On account of the absence of jurisprudence interpreting Sections 60 and 61 of RA 6657
regarding the proper way to appeal decisions of Special Agrarian Courts as well as the conflicting
decisions of the Court of Appeals thereon, LBP cannot be blamed for availing of the
wrong mode. Based on its own interpretation and reliance on the Buenaventura ruling, LBP
acted on the mistaken belief that an ordinary appeal is the appropriate manner to question
decisions of Special Agrarian Courts.
Hence, in the light of the aforementioned circumstances, we find it proper to
emphasize the prospective application of our Decision dated September 10, 2002.

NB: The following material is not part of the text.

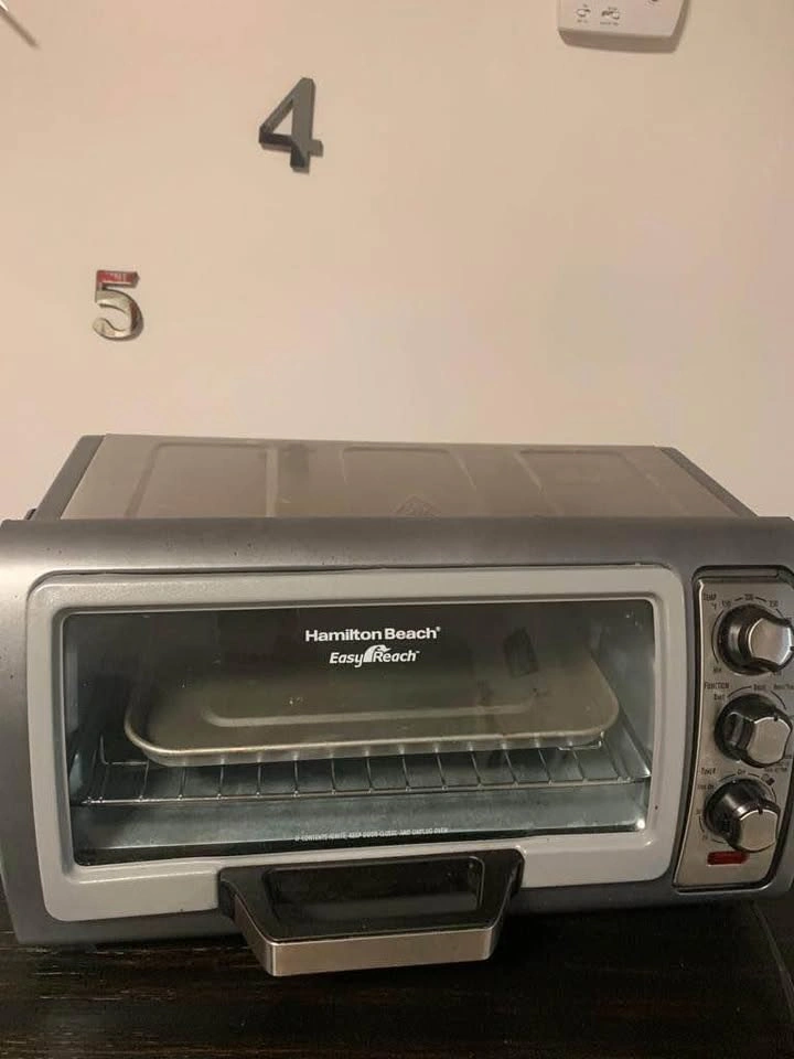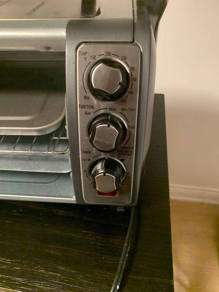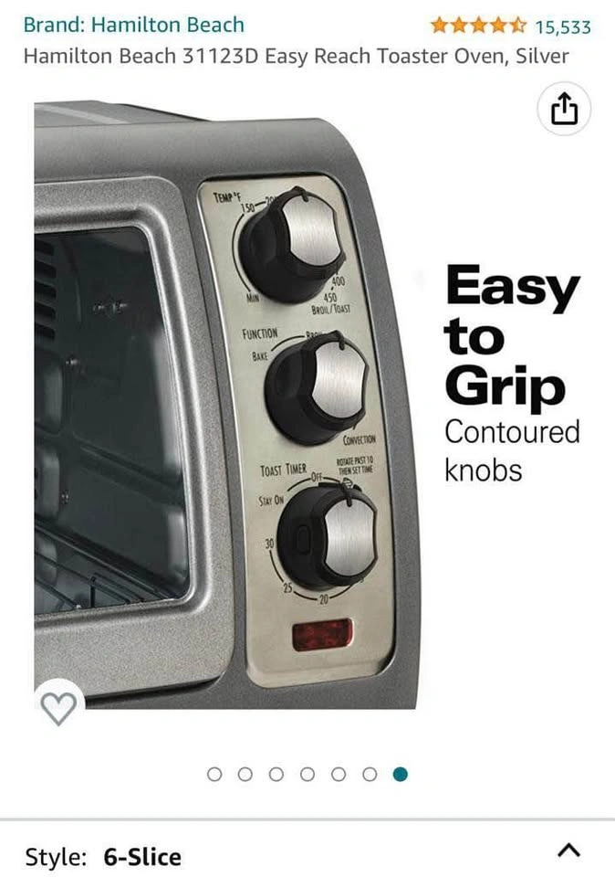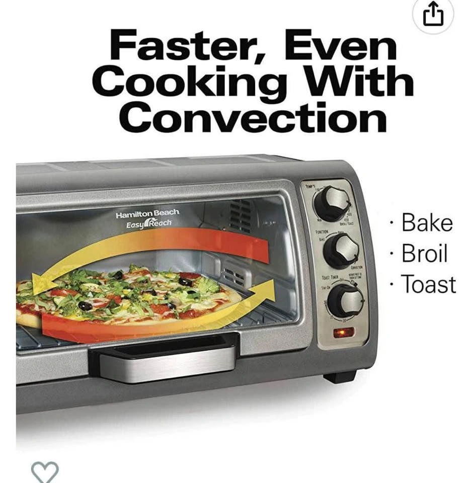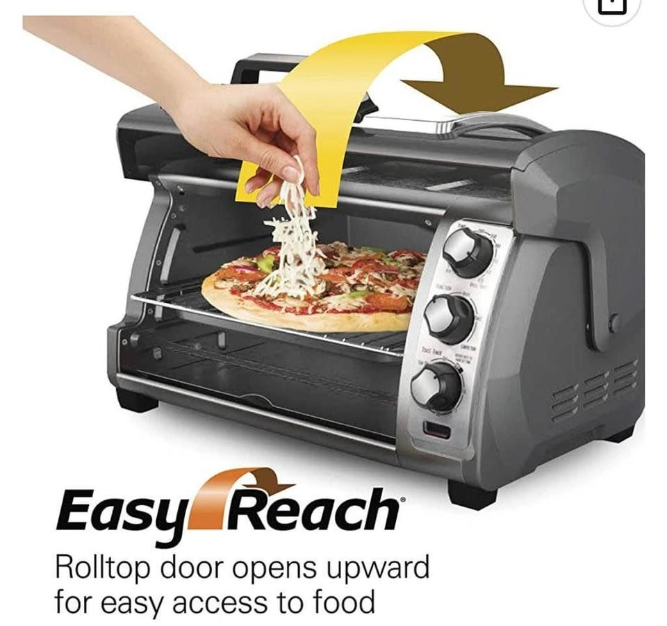 1000+Sure-Crisp convection evenly cooks foods and browns foods with little or no oil, making this air fryer toaster oven ideal for fries, chicken wings, vegetables, and more. The specially designed glass door on the toaster oven air fryer combo makes it easier to add and remove foods from the oven. It's also easy to check foods as they're cooking. This toaster oven has plenty of room for 6 slices of toast, a 12" pizza, or a 9" x 11" baking pan. It has 2 rack positions to accommodate a variety of foods. Toast, air fry, bake or broil in this versatile toaster oven. It has 1400 watts of cooking power. The 30-minute timer with ready bell helps you keep track of cooking time. The Stay On setting makes it easy to extend cooking time when needed, while automatic shutoff provides peace of mind.

A prospective application of our Decision is not only grounded on equity and fair
play but also based on the constitutional tenet that rules of procedure shall not
impair substantive rights.
We hold that our Decision, declaring a petition for review as the proper mode of
appeal from judgments of Special Agrarian Courts, is a rule of procedure which
affects substantive rights. If our ruling is given retroactive application, it will prejudice LBPs
right to appeal because pending appeals in the Court of Appeals will be dismissed outright
on mere technicality thereby sacrificing the substantial merits thereof. It would be unjust to apply
a new doctrine to a pending case involving a party who already invoked a contrary view and who
acted in good faith thereon prior to the issuance of said doctrine.